**Task brief:**
Please restate word for word the lines of the entries below from the one with "Our seasoned fries" to the one with "Diamond Butterfly Long", inclusive, and leave out every picture.

**Data for this task:**
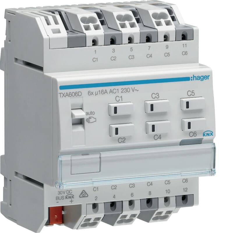 HAGER - Lähtöyksikkö KNX easy KNX - TXA606D 6x16A RLCV T DIN
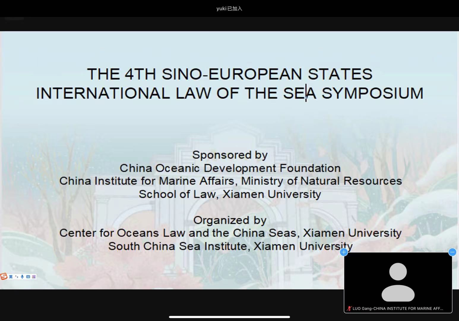 2021年10月14日-15日,由中国海洋发展基金会、自然资源部海洋发展战略研究所和厦门大学法学院主办,厦门大学南海研究院和厦门大学海洋法与中国东南海疆研究中心承办的“第四届中欧国际海洋法研讨会”成功举行。来自中国、德国、意大利、英国、法国、南非、瑞典、比利时、瑞士等国家以及非洲、东盟和拉丁美洲等地区的专家学者共200余人参加会议。我院2019级、2020级王颖等部分研究生线上参加了此次会议。
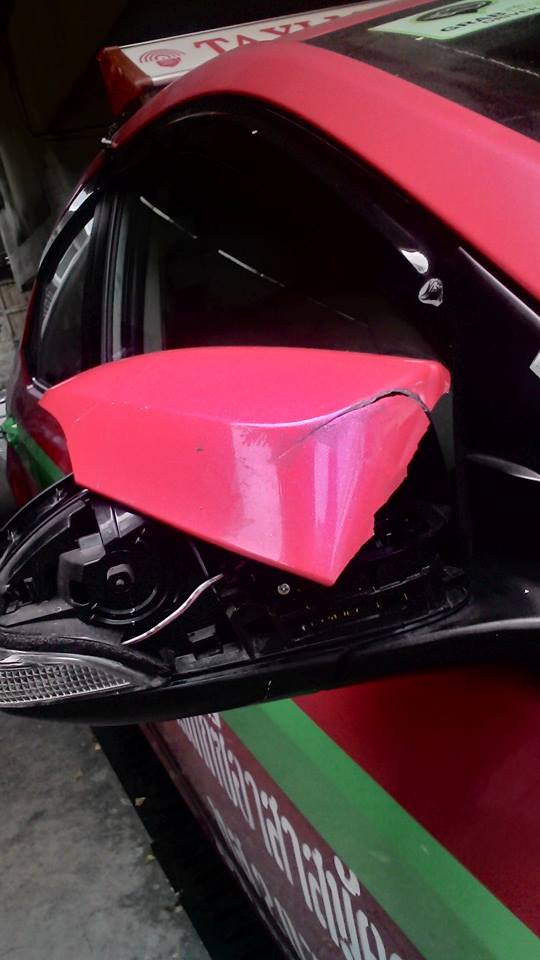 เมื่อรถเคลื่อนตัวออก แท็กซี่ยังไม่ทันจะขยับ(ดูในคลิป) มีรถฮอนด้าแอ๊คคอร์ด ขับมาเฉี่ยวกระจกข้างเสียหายตามรูป
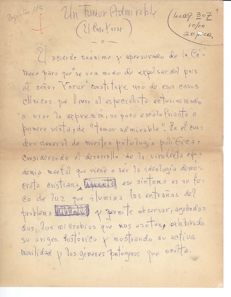 Warren, Earl - Artículos periodísticos - Manuscritos chilenos
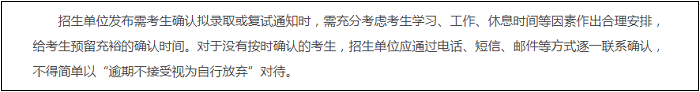 对于没有按时确认的考生,招生单位应通过电话、短信、邮件等方式逐一联系确认,不得简单以“逾期不接受视为自行放弃”对待。”
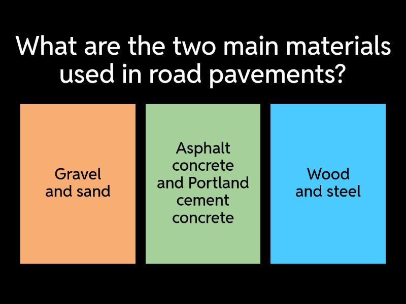 1) What are the two main materials used in road pavements? a) Gravel and sand b) Asphalt concrete and Portland cement concrete c) Wood and steel 2) Which pavement type is known for flexibility and quick repair? a) Rigid pavement b) Permeable pavement c) Flexible pavement 3) What is a common disadvantage of rigid pavement? a) Low durability b) Higher initial cost c) High noise level 4) What is "Chip Seal"? a) A concrete slab reinforcement method b) A layer of aggregate over asphalt emulsion for low-traffic roads c) A type of permeable pavement 5) Which defect resembles alligator skin? a) Block cracking b) Alligator c racking c) Rutting 6) What test is used to assess pavement thickness and bearing capacity? a) Crack seal test b) Core test & deflection test c) Emulsion test 7) Which pavement type allows water to drain through to reduce flooding? a) Surface course b) Base and subbase c) Binder layer 8) What layer is crucial for load distribution and drainage? a) Surface course b) Base and subbase c) Binder layer 9) How long is the typical service life of rigid pavement? a) 10 years b) 20 years c) Approximately 40 years 10) Which pavement is preferred for heavy loads like those on motorways and ports? a) Flexible pavement b) Rigid pavement c) Chip seal
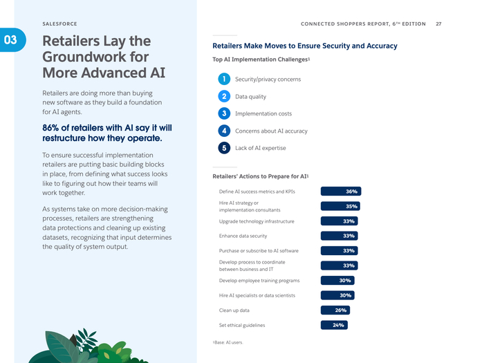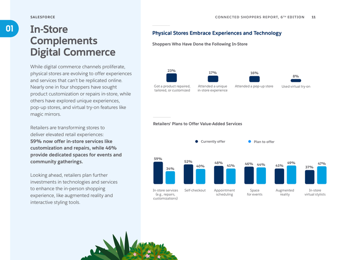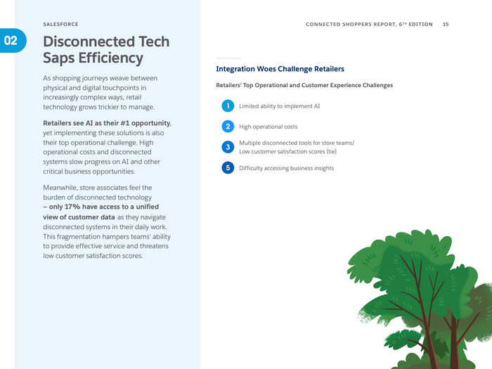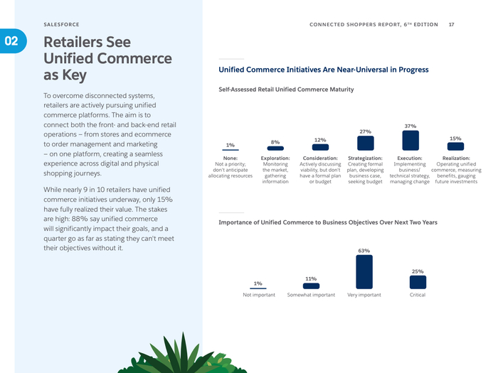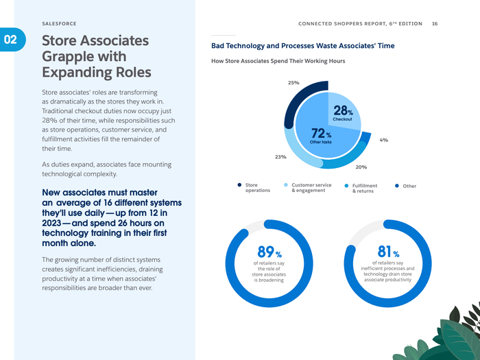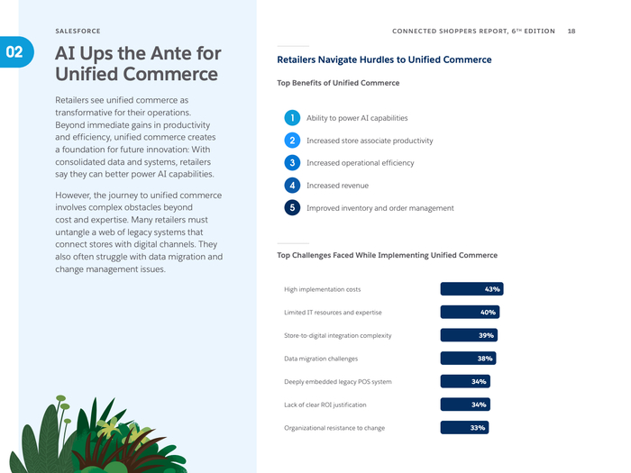 数字化购物渠道日益丰富,社交媒体成为主要的产品发现和购买平台,超半数消费者利用社交网络探索产品,尤其是年轻一代的Gen Z和千禧一代主导了这一趋势。零售商正紧锣密鼓推动一体化商业战略,88%表示未来两年该战略对业务极为重要,旨在打破前后台数据孤岛,提升门店及线上效率与客户体验。同时,81%的零售商指出技术碎片化对员工生产力构成严重制约,店员日常需操作多达16个系统,亟需技术优化以减轻负担。
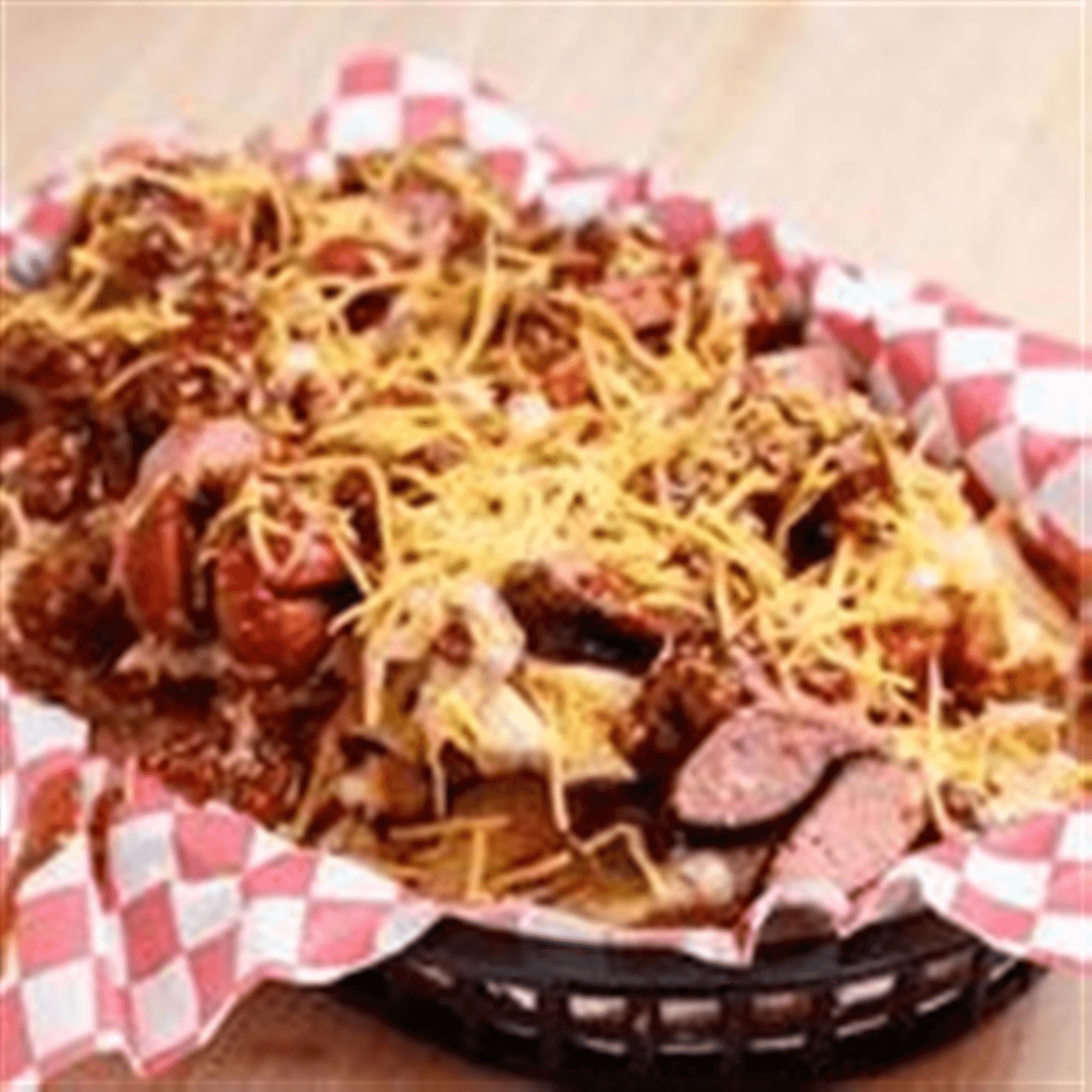 Our seasoned fries with chopped all-beef hot dog, grilled onions, topped with all-beef chili, and shredded cheddar cheese with our special sauce.
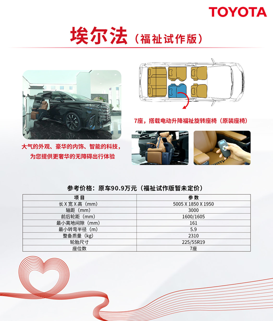 ·电驱动,可将座椅旋转出车外并降低390mm,方便有需要人群上下车。
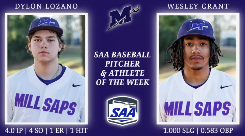 Canton, Georgia — Millsaps College baseball players Dylon Lozano and Wesley Grant received the Southern Athletic Association’s weekly honors on Monday. Lozano was named pitcher of the week, while Grant earned athlete of the week recognition.
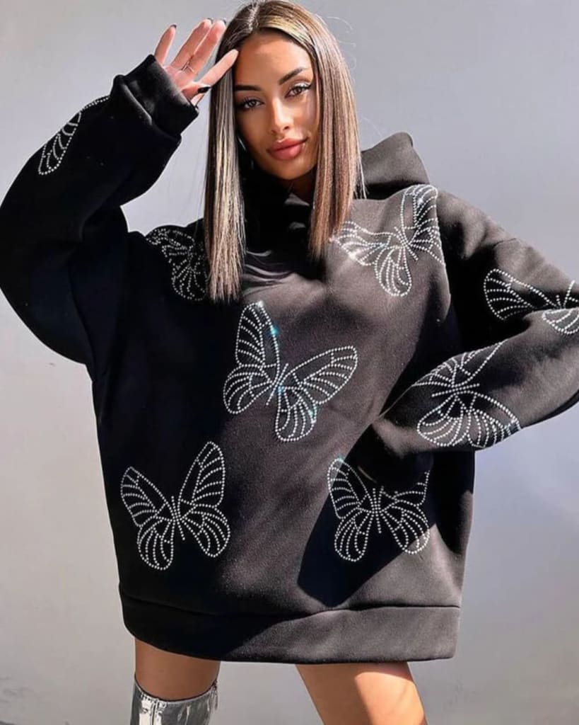 Diamond Butterfly Long Sleeve Loose Hoodie Dress
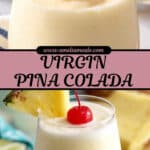 - Serve and Garnish: Pour the virgin piña colada into serving cups immediately. Garnish each cup with fresh pineapple wedges and maraschino cherries if desired for an attractive presentation.
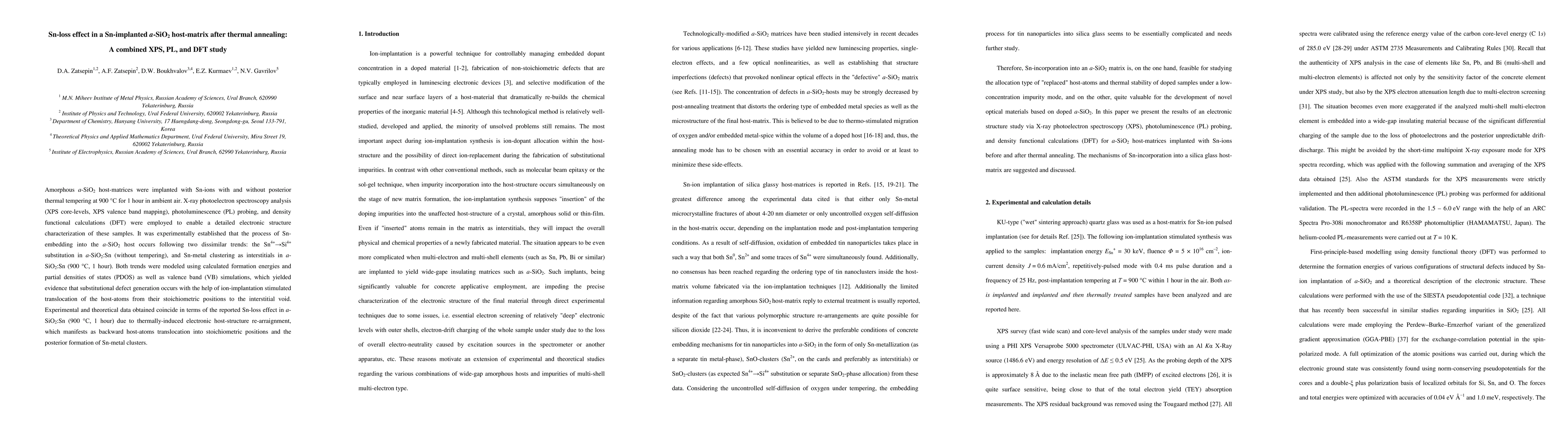 Amorphous a-SiO2 host-matrices were implanted with Sn-ions with and without posterior thermal tempering at 900 {\deg}C for 1 hour in ambient air. X-ray photoelectron spectroscopy analysis (XPS core-levels, XPS valence band mapping), photoluminescence (PL) probing, and density functional calculations (DFT) were employed to enable a detailed electronic structure characterization of these samples. It was experimentally established that the process of Sn-embedding into the a-SiO2 host occurs following two dissimilar trends: the Sn4+ -> Si4+ substitution in a-SiO2:Sn (without tempering), and Sn-metal clustering as interstitials in a-SiO2:Sn (900 {\deg}C, 1 hour). Both trends were modeled using calculated formation energies and partial densities of states (PDOS) as well as valence band (VB) simulations, which yielded evidence that substitutional defect generation occurs with the help of ion-implantation stimulated translocation of the host-atoms from their stoichiometric positions to the interstitial void. Experimental and theoretical data obtained coincide in terms of the reported Sn-loss effect in a-SiO2:Sn (900 {\deg}C, 1 hour) due to thermally-induced electronic host-structure re-arraignment, which manifests as backward host-atoms translocation into stoichiometric positions and the posterior formation of Sn-metal clusters.
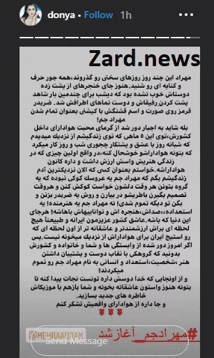 دنیا جهانبخت هم در واکنش به این حواشی با تایید اینکه 5 ماه است نزدیک ترین آدم در زندگی مهراد جم است در این باره نوشته است:
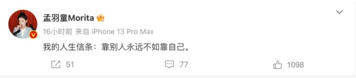 按说,董明珠的知遇之恩,故事应该往孟羽童不断努力最终真的成为“第二个董明珠”的剧本发展,但5月9日孟羽童的一条微博打破了这段看似美好的“师徒情谊”,也几乎是官宣和格力蜜月期结束了。
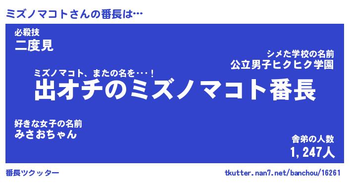 | ヒーロー風カッコイイあだ名 | 『スーパーミズノマコト』『天弓騎士ミズ』 |
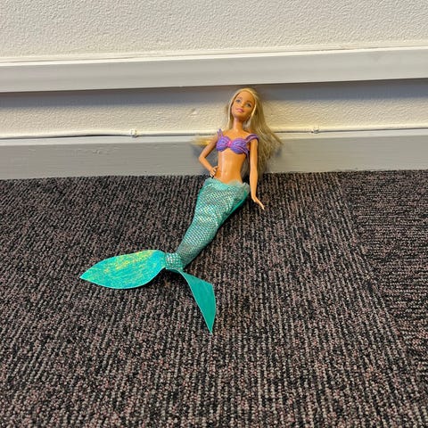 Barbie havfruedukke med farveskiftende hale. Dukken forestiller en havfrue med langfarvet hår, top og hale med glimmerdetaljer. Halen kan skifte farve i vand, som vist på emballagen. Leveres i original emballage med illustrationer af dukken og tilbehør. Egnet som legetøj til børn, der kan lide dukker og fantasiverdener med havfruer.
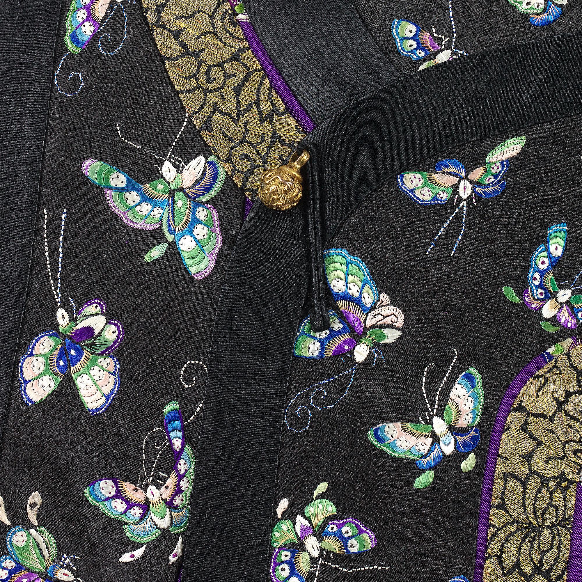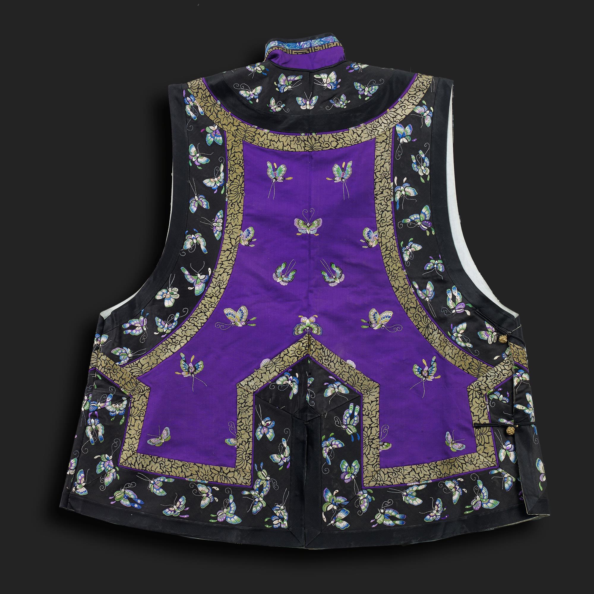A Chinese finely embroidered waistcoat sparsely decorated with exotic and multi-coloured butterflies, the design repeated on the border.
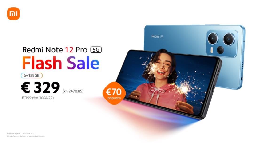 Xiaomi je prije 5 dana predstavio novu Redmi Note 12 seriju koja se sastoji od četiri uređaja: Redmi Note 12 Pro+ 5G, Redmi Note 12 Pro 5G, Redmi Note 12 5G i Redmi Note 12. Uređaji su konačno dustupni i na hrvatskom tržištu i to flash sales akcijom koja će trajati od 11. do 14.4. Redmi Note 12 Pro 5G 6+128 GB bit će snižen 70 EUR (s EUR 399 na 329 EUR), dok će Redmi Note 12 4+128 GB biti snižen 50 EUR (s EUR 249 na EUR 199). Ponuda je dostupna na linku.
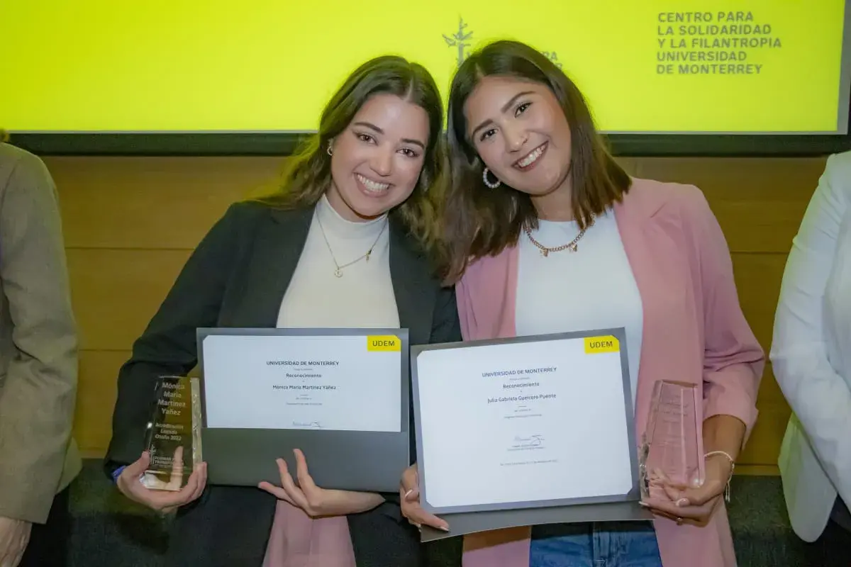 Y es que Julia, quien egresará de la Licenciatura en Ciencias de la Educación en el actual semestre de Otoño 2022, y Mónica, quien hará lo mismo de la Ingeniería en Innovación Sustentable y Energía, participaron en el programa Formar Para Transformar de la UDEM, el cual acompaña a las y los alumnos con vocación de servicio durante el transcurso de sus programas académicos, de manera que tengan una formación integral y desarrollen proyectos sociales con visión a largo plazo que transformen la realidad. Ellas acreditaron formalmente dicho programa el pasado 5 de diciembre, en una ceremonia realizada en el Claustro Universitario de esta casa de estudios.

**Answer:**
 Our seasoned fries with chopped all-beef hot dog, grilled onions, topped with all-beef chili, and shredded cheddar cheese with our special sauce.
 ·电驱动,可将座椅旋转出车外并降低390mm,方便有需要人群上下车。
 Canton, Georgia — Millsaps College baseball players Dylon Lozano and Wesley Grant received the Southern Athletic Association’s weekly honors on Monday. Lozano was named pitcher of the week, while Grant earned athlete of the week recognition.
 Diamond Butterfly Long Sleeve Loose Hoodie Dress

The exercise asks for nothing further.